** Opening Working data block **

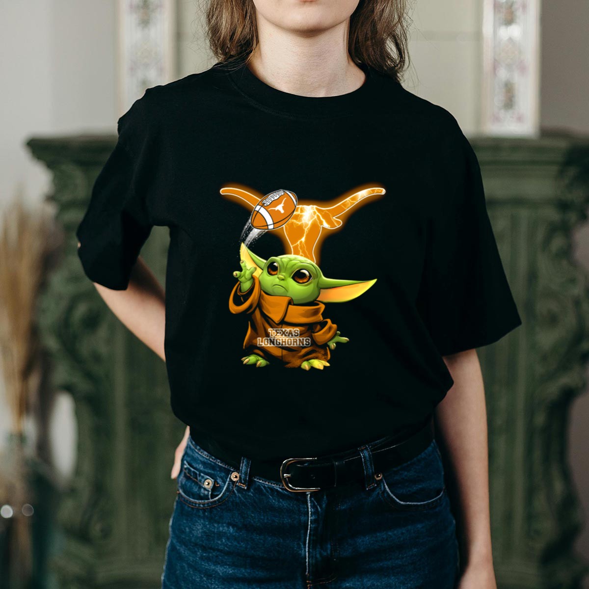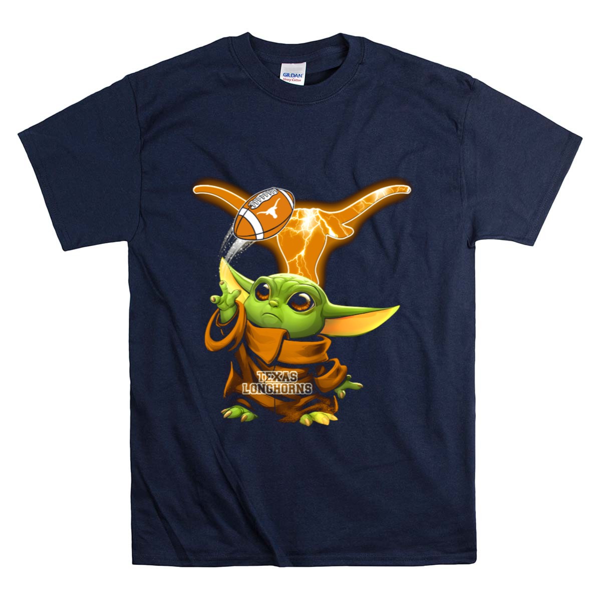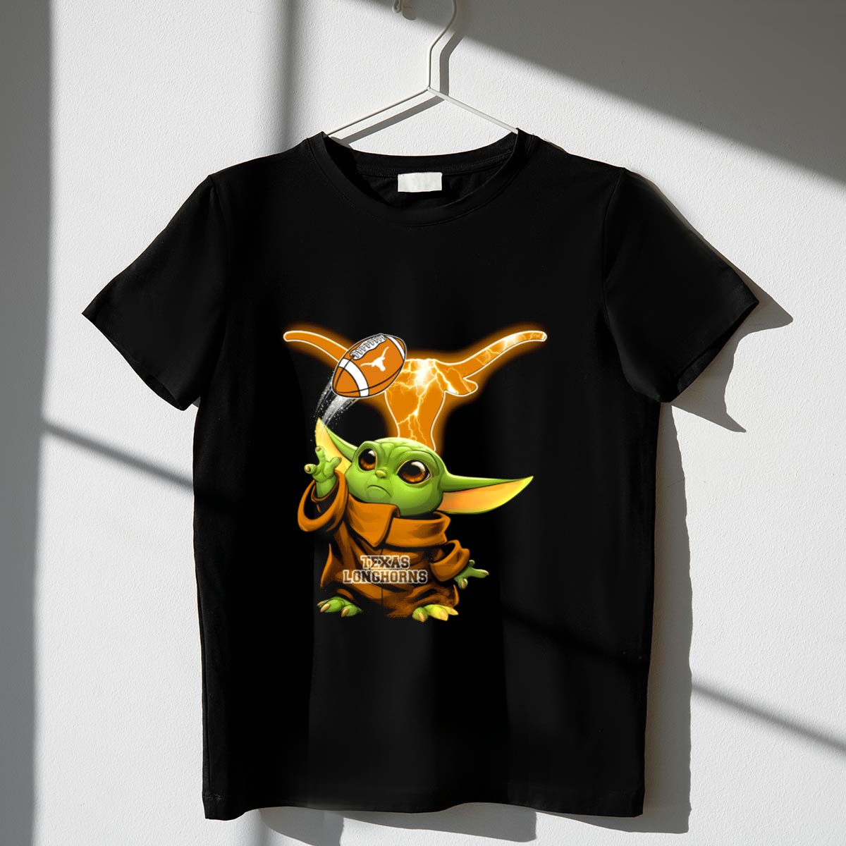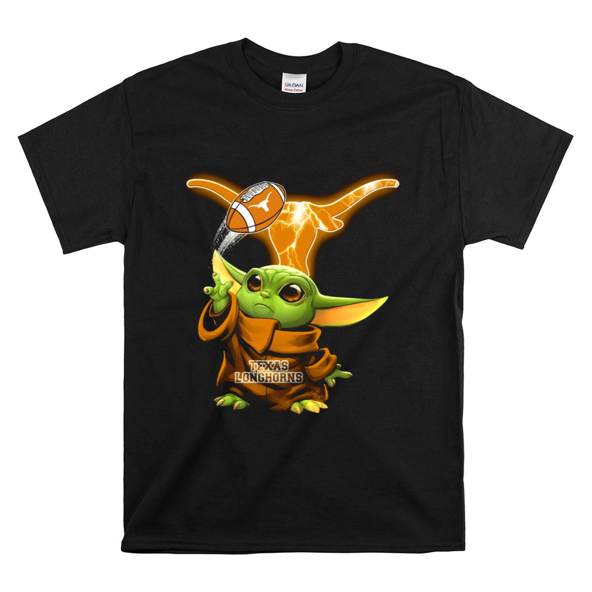 Show off your love for the Texas Longhorns and the adorable Baby Yoda with this unique football-themed T-shirt! Perfect for fans of all ages, this shirt combines your passion for college football with a touch of whimsy. Ideal for casual wear, themed events, or just lounging around, this fan-made design printed in the USA is sure to make a statement and bring smiles wherever you go.
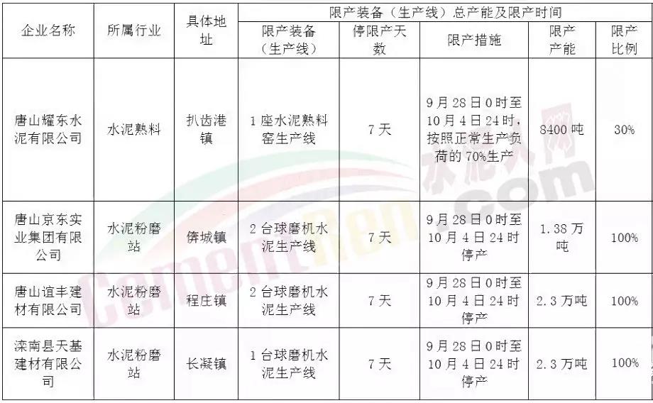 同期,唐山市相關(guān)部門發(fā)布通知稱根據(jù)氣象部門預(yù)測(cè),9月2日20時(shí)至7日12時(shí)唐山市以偏東風(fēng)為主,風(fēng)力偏弱,夜間伴有5-6℃逆溫,整體擴(kuò)散條件差。為降低污染傳輸影響,在嚴(yán)格落實(shí)9月份強(qiáng)化管控措施基礎(chǔ)上,9月2日18時(shí)至7日12時(shí)期間,執(zhí)行管控措。要求水泥行業(yè)企業(yè)一條水泥窯企業(yè)限產(chǎn)40%;兩條及以上水泥窯企業(yè)停一條水泥窯生產(chǎn)線。
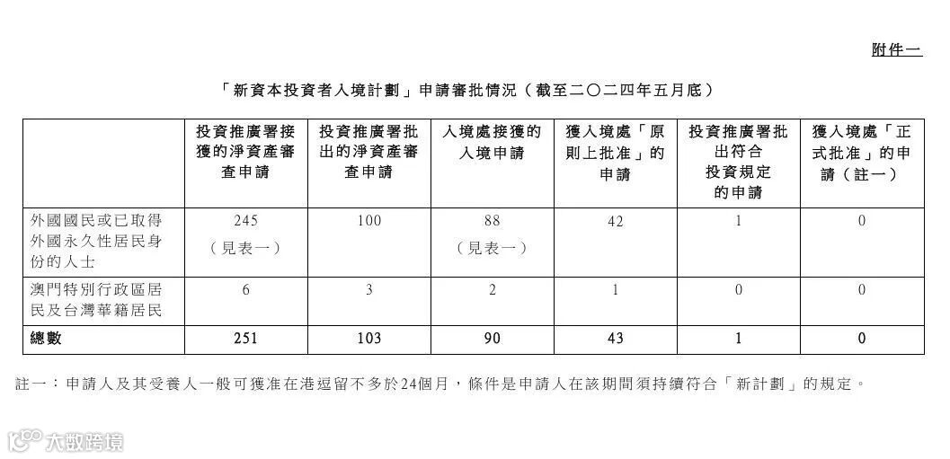 自「新计划」于三月一日起推出至五月底,投资推广署接获逾250宗申请,并已批出逾100宗申请的净资产审查,当中包括欧美和新加坡等地。入境处则已就逾40宗申请作出原则上批准,让申请人以访客身份在港作出所承诺的投资。如接获的申请全数获批,预计可为香港带来超过75亿港元的资金,增强香港资产及财富管理业的发展优势。
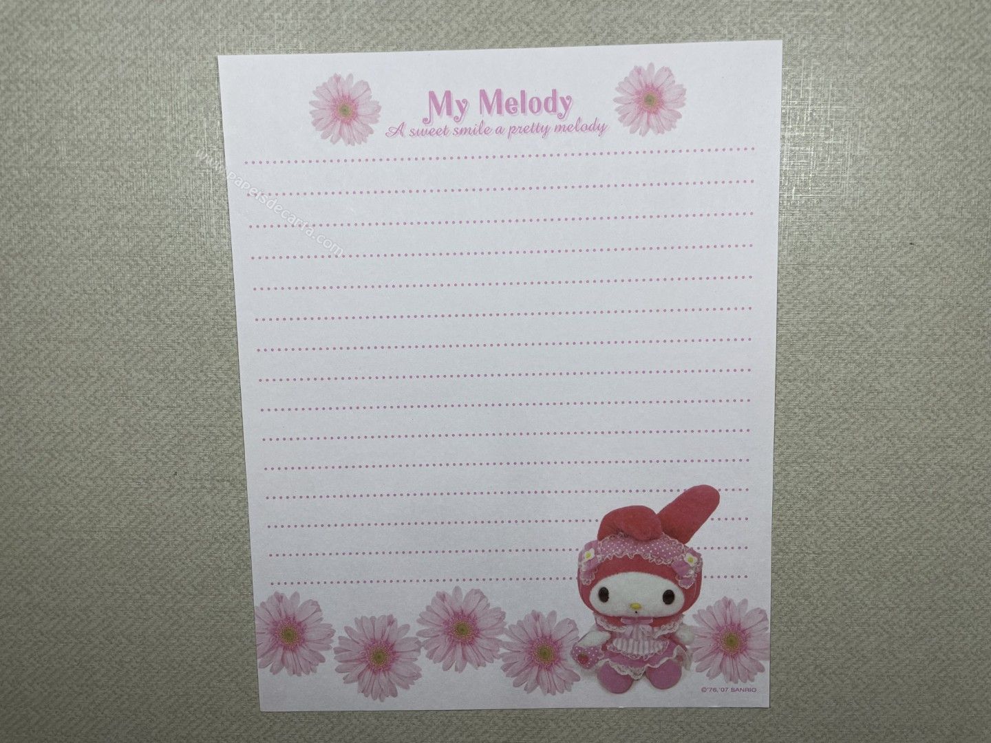 Papel de carta antigo da My Melody com 1 folha.
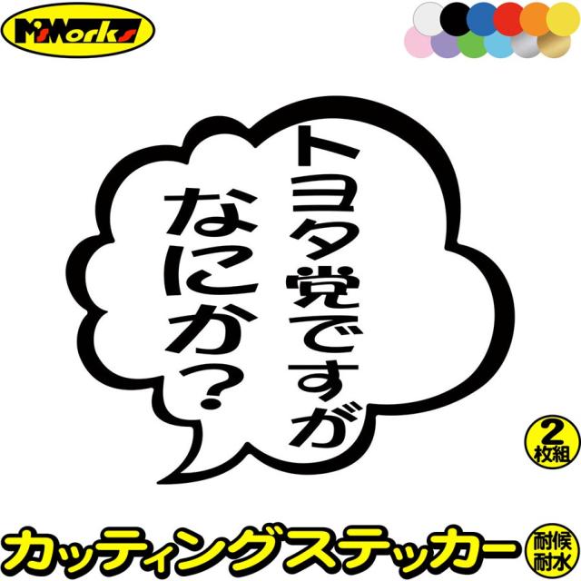 トヨタ toyota ステッカー トヨタ党ですがなにか? (2枚1セット) カッティングステッカー 全12色 車 おもしろ つぶやき 一言 セリフ 吹き出し ユニーク 文字 トヨタ ステッカー 防水 耐水 アウトドア デカール 転写シール 95mmX110mm (TY)
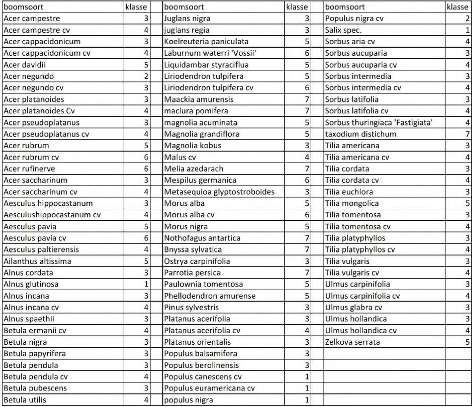 Als de boom niet in de lijst voorkomt, wordt door een vakkundige een inschatting gemaakt die in verhouding is met de classificatie op de lijst.

** Closing Working data block **

_Problem to work on_
Without the pictures, write out the entire listing exactly.

_Answer section_
 Show off your love for the Texas Longhorns and the adorable Baby Yoda with this unique football-themed T-shirt! Perfect for fans of all ages, this shirt combines your passion for college football with a touch of whimsy. Ideal for casual wear, themed events, or just lounging around, this fan-made design printed in the USA is sure to make a statement and bring smiles wherever you go.
 同期,唐山市相關(guān)部門發(fā)布通知稱根據(jù)氣象部門預(yù)測(cè),9月2日20時(shí)至7日12時(shí)唐山市以偏東風(fēng)為主,風(fēng)力偏弱,夜間伴有5-6℃逆溫,整體擴(kuò)散條件差。為降低污染傳輸影響,在嚴(yán)格落實(shí)9月份強(qiáng)化管控措施基礎(chǔ)上,9月2日18時(shí)至7日12時(shí)期間,執(zhí)行管控措。要求水泥行業(yè)企業(yè)一條水泥窯企業(yè)限產(chǎn)40%;兩條及以上水泥窯企業(yè)停一條水泥窯生產(chǎn)線。
 自「新计划」于三月一日起推出至五月底,投资推广署接获逾250宗申请,并已批出逾100宗申请的净资产审查,当中包括欧美和新加坡等地。入境处则已就逾40宗申请作出原则上批准,让申请人以访客身份在港作出所承诺的投资。如接获的申请全数获批,预计可为香港带来超过75亿港元的资金,增强香港资产及财富管理业的发展优势。
 Papel de carta antigo da My Melody com 1 folha.
 トヨタ toyota ステッカー トヨタ党ですがなにか? (2枚1セット) カッティングステッカー 全12色 車 おもしろ つぶやき 一言 セリフ 吹き出し ユニーク 文字 トヨタ ステッカー 防水 耐水 アウトドア デカール 転写シール 95mmX110mm (TY)
 Als de boom niet in de lijst voorkomt, wordt door een vakkundige een inschatting gemaakt die in verhouding is met de classificatie op de lijst.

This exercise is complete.